Exercise prompt -
The answer is the first line of the listing and every line after it through the one containing "Sei Rota Buste", exact, with pictures removed.

Material provided -

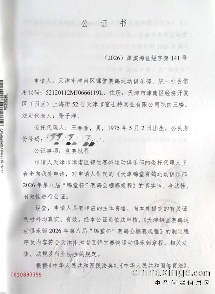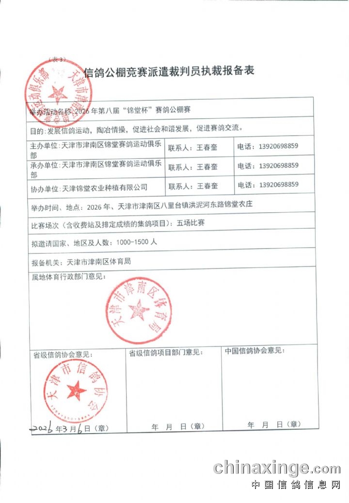锦堂公棚2026年赛事获准监管
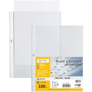 Sei Rota Buste in Polipropilene (PP) Atla 60 - Formato 22 x 30 cm, Basso Spessore, Foratura Universale Rinforzata, Confezione da 100 pezzi
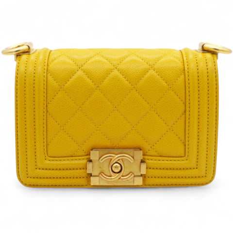 | This chic shoulder bag is finely crafted of leather with signature diamond stitched quilting in yellow. The bag features a polished gold link shoulder strap with a leather shoulder pad and a polished light gold facing Chanel Boy CC push lock. The flap opens to a leather interior with a small patch pocket. |

Finished task -
锦堂公棚2026年赛事获准监管
 Sei Rota Buste in Polipropilene (PP) Atla 60 - Formato 22 x 30 cm, Basso Spessore, Foratura Universale Rinforzata, Confezione da 100 pezzi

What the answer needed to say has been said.